### [WHAT TO PRODUCE]
Taking the line that contains "Im Fischmuster angeordnete" as the start and the last line of the data as the end, repeat exactly every line in that span, but no pictures.

[Records from a collection]
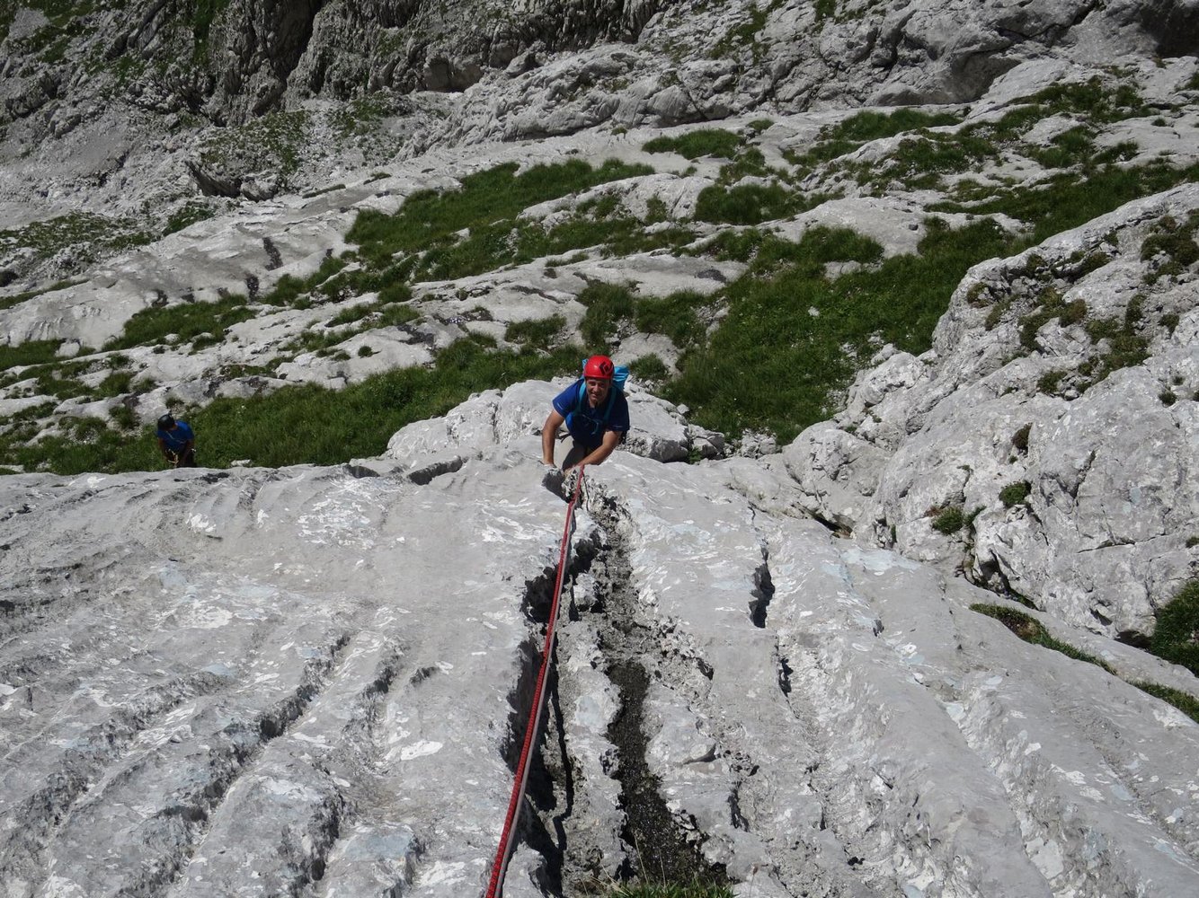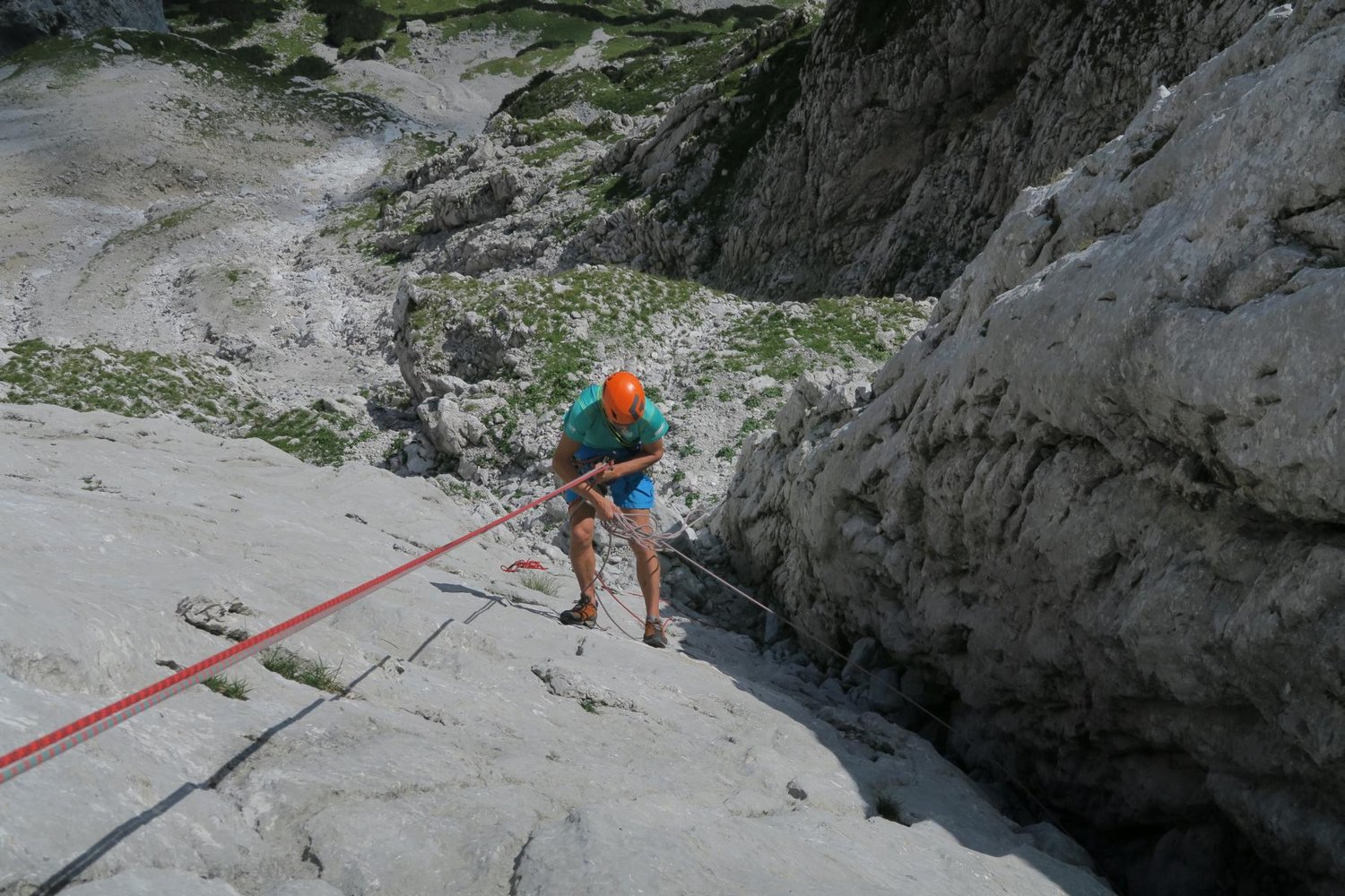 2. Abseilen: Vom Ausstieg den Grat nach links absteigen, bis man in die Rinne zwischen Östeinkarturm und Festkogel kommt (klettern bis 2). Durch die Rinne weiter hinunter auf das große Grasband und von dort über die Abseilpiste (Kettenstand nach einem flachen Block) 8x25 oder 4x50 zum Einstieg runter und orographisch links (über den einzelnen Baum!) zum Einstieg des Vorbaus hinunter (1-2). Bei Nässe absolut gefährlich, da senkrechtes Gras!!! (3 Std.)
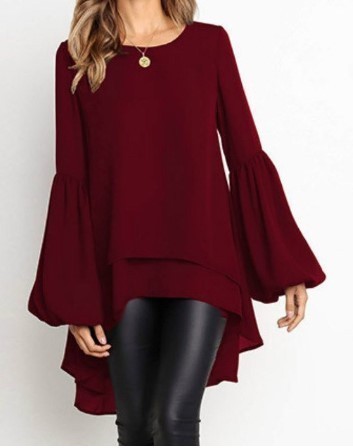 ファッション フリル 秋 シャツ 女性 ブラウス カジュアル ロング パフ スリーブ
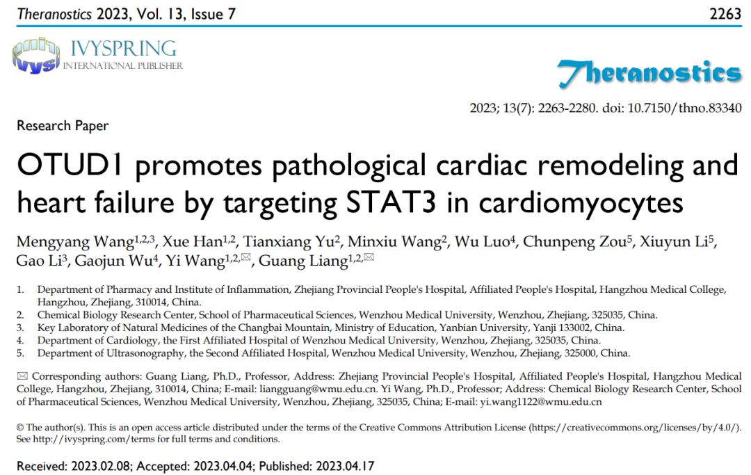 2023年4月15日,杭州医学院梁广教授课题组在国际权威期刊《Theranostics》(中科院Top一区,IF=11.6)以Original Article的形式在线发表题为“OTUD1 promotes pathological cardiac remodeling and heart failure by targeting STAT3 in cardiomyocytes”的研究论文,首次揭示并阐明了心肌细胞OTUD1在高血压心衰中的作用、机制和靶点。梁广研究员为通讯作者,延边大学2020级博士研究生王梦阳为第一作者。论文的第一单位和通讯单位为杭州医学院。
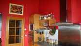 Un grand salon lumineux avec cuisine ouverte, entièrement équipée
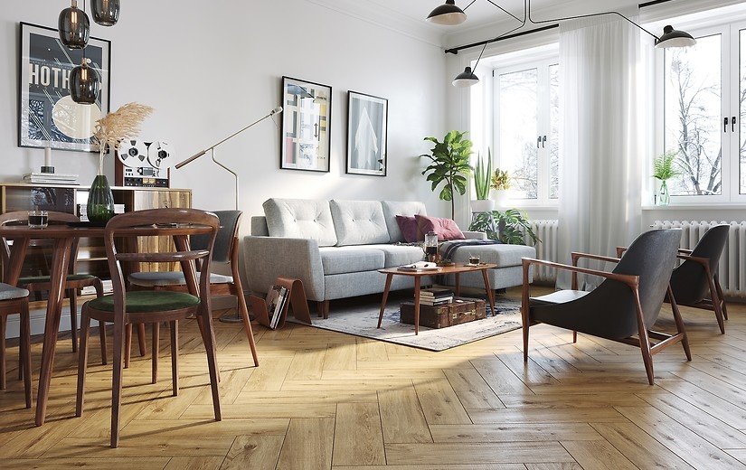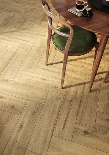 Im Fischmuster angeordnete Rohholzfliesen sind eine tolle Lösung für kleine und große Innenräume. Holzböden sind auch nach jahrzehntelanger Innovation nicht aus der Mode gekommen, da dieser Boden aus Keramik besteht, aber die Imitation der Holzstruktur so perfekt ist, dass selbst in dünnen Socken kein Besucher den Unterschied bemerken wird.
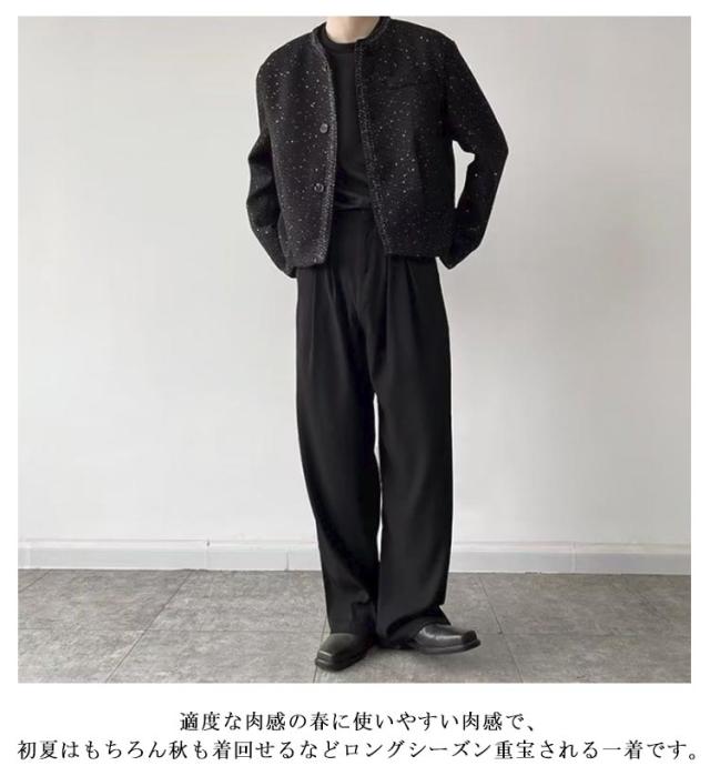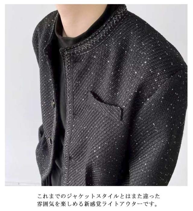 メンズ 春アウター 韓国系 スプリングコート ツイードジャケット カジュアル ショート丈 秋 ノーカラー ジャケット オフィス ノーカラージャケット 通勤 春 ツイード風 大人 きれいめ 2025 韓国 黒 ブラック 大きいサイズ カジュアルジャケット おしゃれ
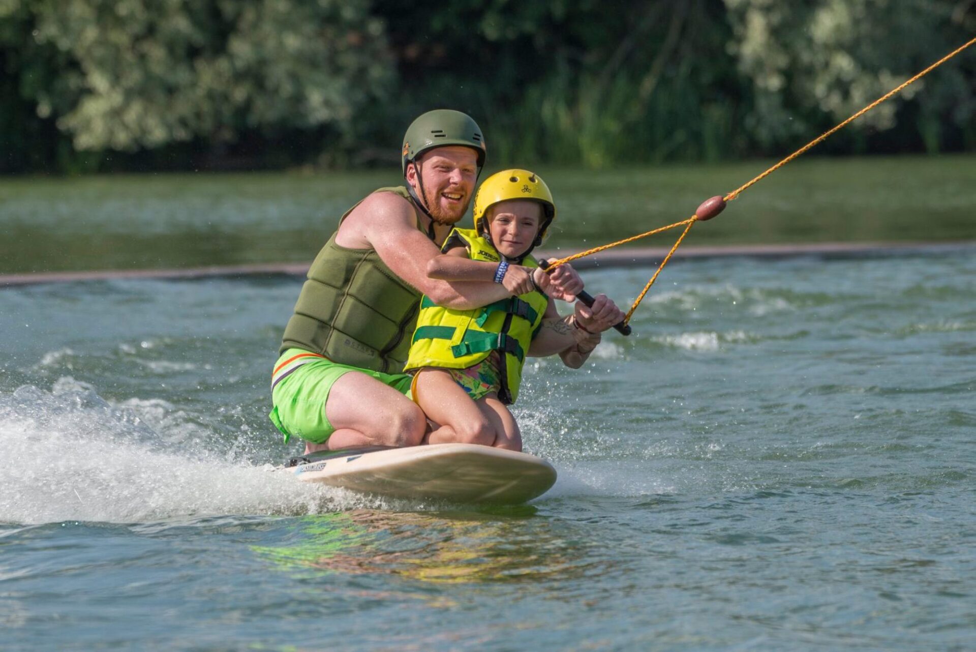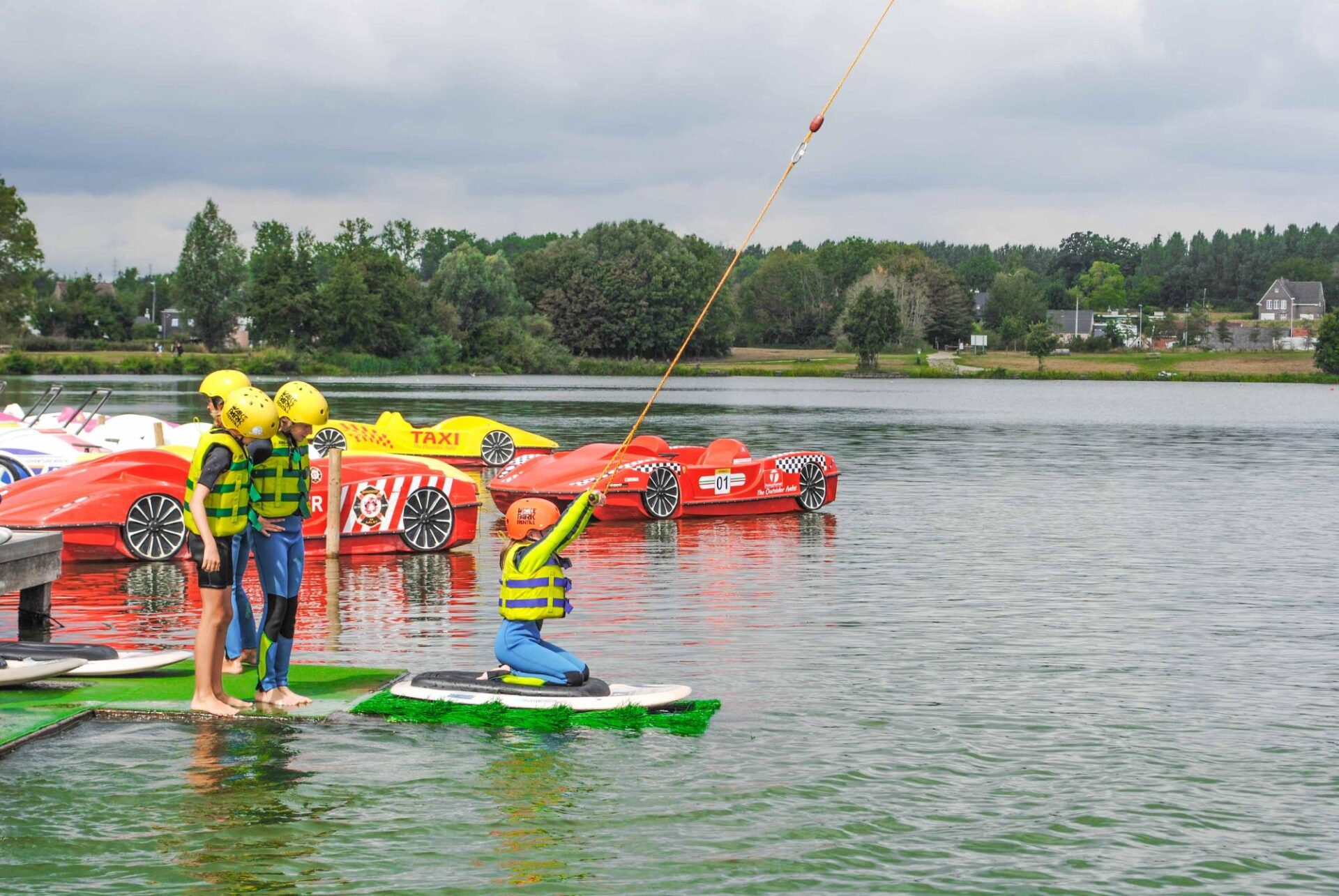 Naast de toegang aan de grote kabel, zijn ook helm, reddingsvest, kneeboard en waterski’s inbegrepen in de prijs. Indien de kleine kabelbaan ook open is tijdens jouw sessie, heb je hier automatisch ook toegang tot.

### [THE COMPLETED TASK]
 Im Fischmuster angeordnete Rohholzfliesen sind eine tolle Lösung für kleine und große Innenräume. Holzböden sind auch nach jahrzehntelanger Innovation nicht aus der Mode gekommen, da dieser Boden aus Keramik besteht, aber die Imitation der Holzstruktur so perfekt ist, dass selbst in dünnen Socken kein Besucher den Unterschied bemerken wird.
 メンズ 春アウター 韓国系 スプリングコート ツイードジャケット カジュアル ショート丈 秋 ノーカラー ジャケット オフィス ノーカラージャケット 通勤 春 ツイード風 大人 きれいめ 2025 韓国 黒 ブラック 大きいサイズ カジュアルジャケット おしゃれ
 Naast de toegang aan de grote kabel, zijn ook helm, reddingsvest, kneeboard en waterski’s inbegrepen in de prijs. Indien de kleine kabelbaan ook open is tijdens jouw sessie, heb je hier automatisch ook toegang tot.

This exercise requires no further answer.